Yes, the first step is to put both of the *[tex \Large e^{8t}] terms on one side.  Just for the sake of what I consider to be neatness, I'm going to add *[tex \Large  -8e^{8t}\ +\ e] to both sides, with the following result:


*[tex \LARGE \ \ \ \ \ \ \ \ \ \ 4e^{8t}\ =\ e]


Next, take the natural log of both sides:


*[tex \LARGE \ \ \ \ \ \ \ \ \ \ \ln\left(4e^{8t}\right)\ =\ \ln(e)]


The log of the product is the sum of the logs, so:


*[tex \LARGE \ \ \ \ \ \ \ \ \ \ \ln(4)\ +\ \ln\left(e^{8t}\right)\ =\ \ln(e)]
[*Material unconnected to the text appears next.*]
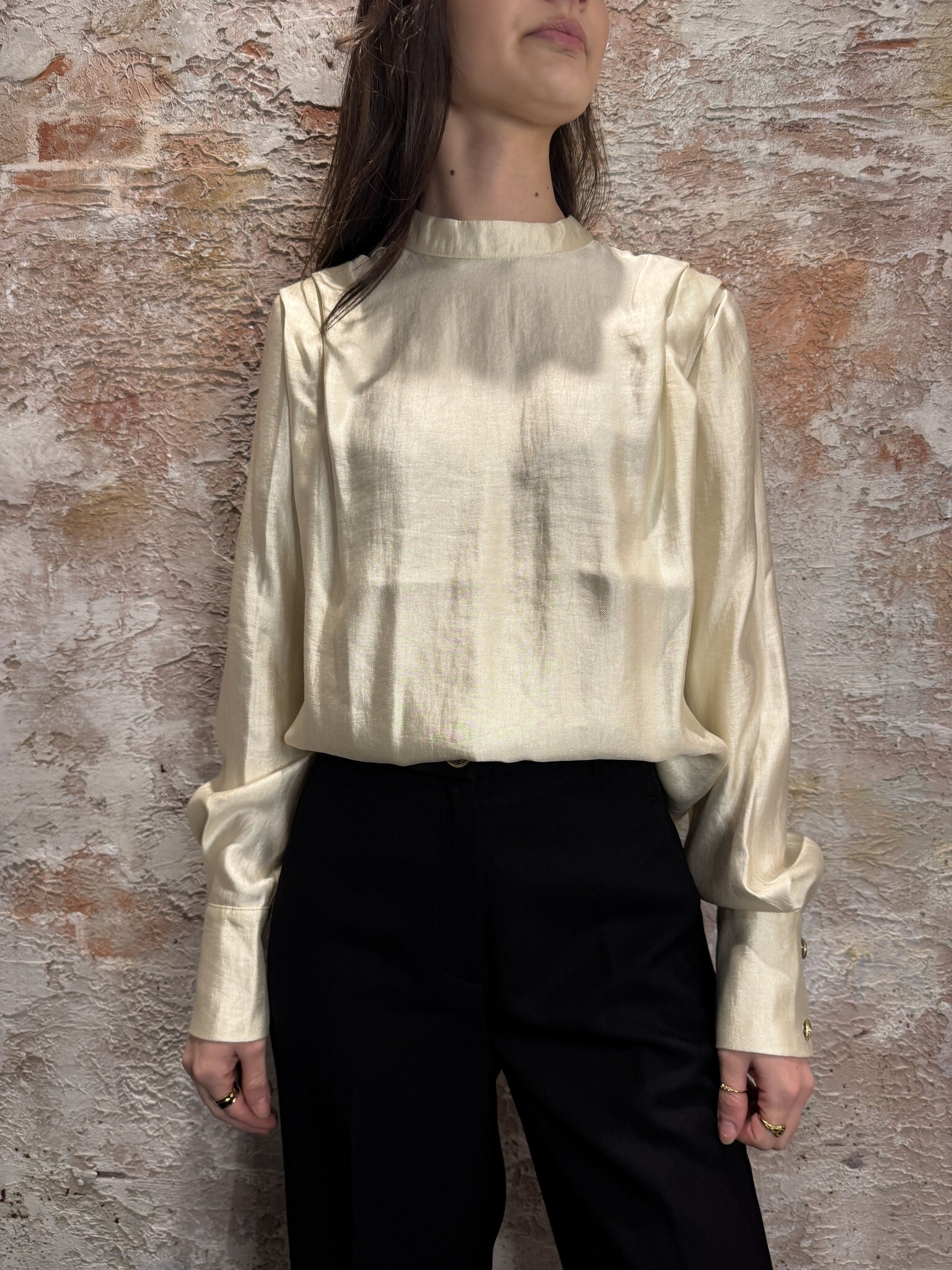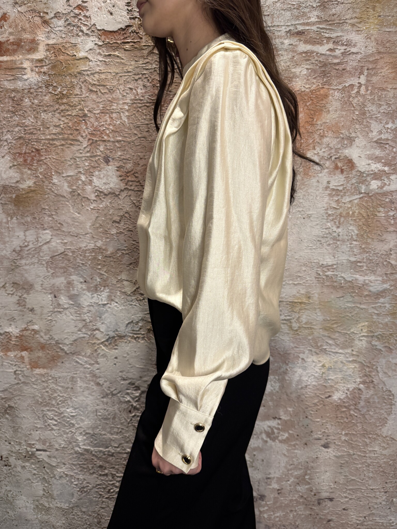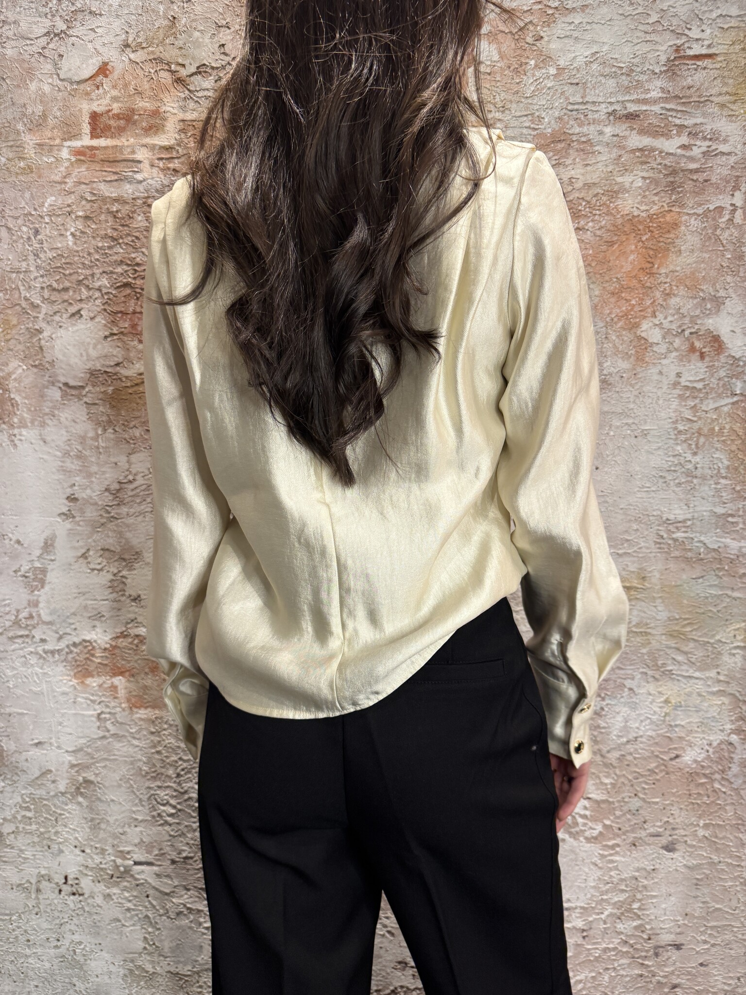 De Nikkie Ohino Blouse Cream is een chique blouse met subtiele glans en luxe uitstraling. Voorzien van gouden knoopdetails en geplooide schouders. Perfect voor een elegante look – draagbaar bij zowel een pantalon als rok.

The log of a base raised to a power is the power times the log of the base:


*[tex \LARGE \ \ \ \ \ \ \ \ \ \ \ln(4)\ +\ 8t\ln\left(e\right)\ =\ \ln(e)]


Since we know that *[tex \Large \ln(e)\ =\ 1]


*[tex \LARGE \ \ \ \ \ \ \ \ \ \ \ln(4)\ +\ 8t\ =\ 1]


Add *[tex \Large -\ln(4)] to both sides:


*[tex \LARGE \ \ \ \ \ \ \ \ \ \ 8t\ =\ 1\ -\ ln(4)]


Multiply by *[tex \Large \frac{1}{8}]


*[tex \LARGE \ \ \ \ \ \ \ \ \ \ t\ =\ \frac{1\ -\ ln(4)}{8}\ \approx\ -0.04829]


John
*[tex \LARGE e^{i\pi} + 1 = 0]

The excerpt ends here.